Given the above, when similar exploits would demonstrate different impacts, the highest, most irreversible would be the one used for scoring the finding. Duplicates of the finding will be graded based on the achieved impact relative to the Submission Chosen for Report.

Also, take a look at this rule:

More specifically, if fixing the Root Cause (in a reasonable manner) would cause the finding to no longer be exploitable, then the findings are duplicates.

Fixing one of the issues does not fix the other one so your argument that you do not duplicate by fixes is not entirely correct.

Also, I don't agree that the root cause is the same even ignoring the above rule. You are pulling the root cause up until it is similar but the actual root causes are different, incorrect handling of FoT tokens and incorrect handling of rebasing tokens. The way you generalize the root cause of the issue is similar to saying that all issues are duplicate because the developers wrote code that is wrong.

Furthermore, they did have the presence of mind to deal with non-standard balance mechanisms. Take a look at this code in deposit():

safeAmount = safeTransferFrom(asset, amount);

Which then calls:

// Safe transferFrom in case asset charges transfer fees
  function safeTransferFrom(
    address _asset,
    uint _amount
  ) internal returns (uint amount) {
    uint _startBal = iERC20(_asset).balanceOf(address(this));
    (bool success, bytes memory data) = _asset.call(
      abi.encodeWithSignature(
        "transferFrom(address,address,uint256)",
        msg.sender,
        address(this),
        _amount
      )
    );
    require(success && (data.length == 0 || abi.decode(data, (bool))));
    return (iERC20(_asset).balanceOf(address(this)) - _startBal);
  }

Please take a look at the code and the comment above above the function. They clearly had such tokens in mind thus your argument is incorrect.

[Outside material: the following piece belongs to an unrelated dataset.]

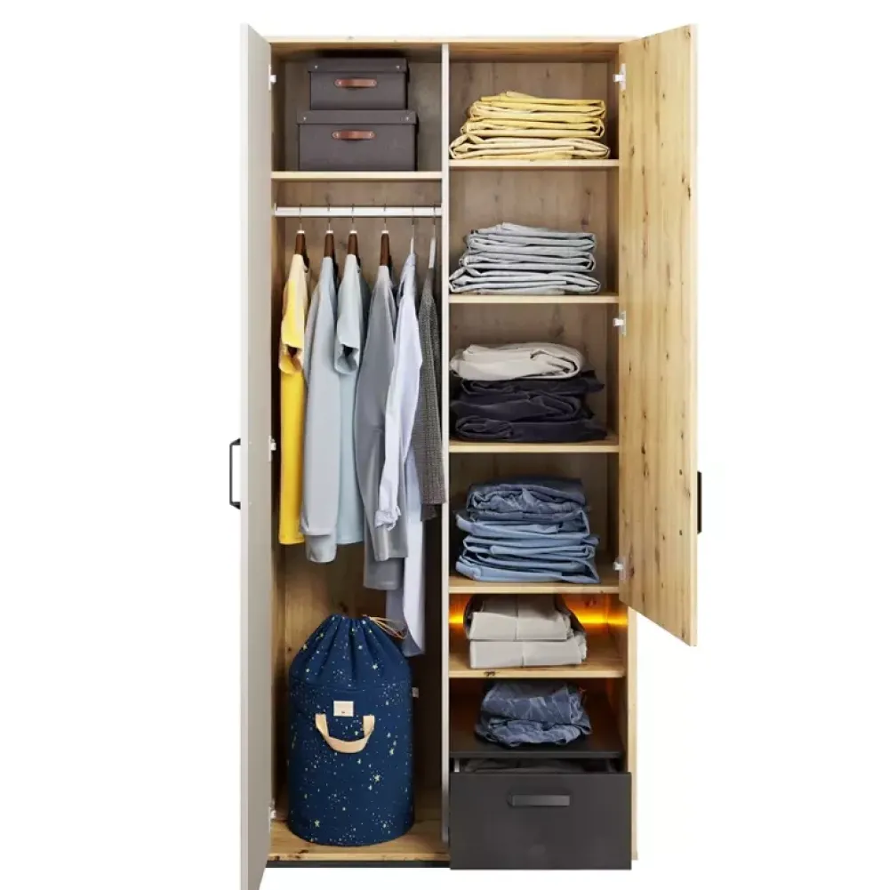 Nowoczesna szafa do pokoju młodzieżowego posiada również drzwi po prawej stronie, za którymi znajdują się cztery poziomy gotowe na zagospodarowanie elementami garderoby.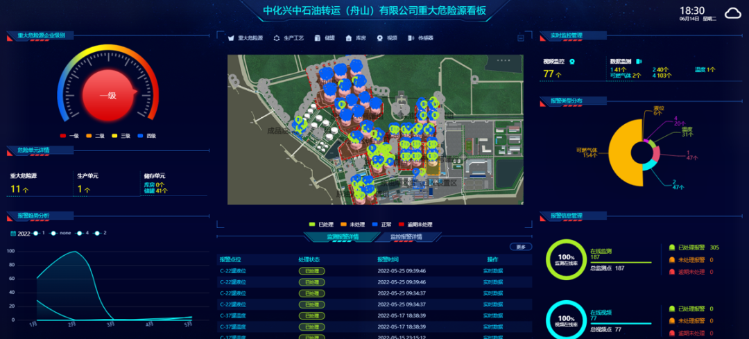 系统结合企业消防实际情况,将现场消防设备设施运行情况实时采集至云端数据库,建设智慧消防一体化管控平台,通过合理布局及可视化展示,将集成的数据进行可视化展示,实现岙山库区整体监控,同时配套中化物流港手机端,实现实时报警处置。对接中化物流港应急管理子系统,实现报警处置及后续处理的数据衔接。

I understand you said this would be the last comment on the matter but this would be very unfair as I have clearly pinpointed things that are wrong in your argument and a reconsideration would be appreciated. @trust1995

c4-judge commented 4 months ago

trust1995 marked the issue as not a duplicate

c4-judge commented 4 months ago

trust1995 marked the issue as primary issue

trust1995 commented 4 months ago

Hi,

The presort merged all these issues so I assumed there is no differentiation at the code level between these. As it is clear they aimed to support FoT tokens, there are now clearly two separate root causes.

trust1995 commented 4 months ago

Upgrading to High since it is clear these tokens are whitelisted and intended to be used.

c4-judge commented 4 months ago

trust1995 changed the severity to 3 (High Risk)

thebrittfactor commented 4 months ago

For transparency, the judge has confirmed this issue is to be selected for report and staff have labeled as such on their behalf.

thebrittfactor commented 3 months ago

For transparency, the Thorchain sponsor team (the-eridanus) confirmed their stance of sponsor confirmed outside of Github comments.